== Supplied material ==
* * * *
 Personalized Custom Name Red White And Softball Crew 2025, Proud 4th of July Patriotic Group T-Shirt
* * * *
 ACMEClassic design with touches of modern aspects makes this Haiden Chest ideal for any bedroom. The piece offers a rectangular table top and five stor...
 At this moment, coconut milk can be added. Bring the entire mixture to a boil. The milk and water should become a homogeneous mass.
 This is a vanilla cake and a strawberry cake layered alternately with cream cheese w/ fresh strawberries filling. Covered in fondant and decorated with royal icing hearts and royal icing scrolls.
* * * *
== Exercise instructions ==
Reproduce exactly, and with no other material, the lines between those holding "At this moment, coconut" and "This is a vanilla", inclusive.

== Answer space ==
 At this moment, coconut milk can be added. Bring the entire mixture to a boil. The milk and water should become a homogeneous mass.
 This is a vanilla cake and a strawberry cake layered alternately with cream cheese w/ fresh strawberries filling. Covered in fondant and decorated with royal icing hearts and royal icing scrolls.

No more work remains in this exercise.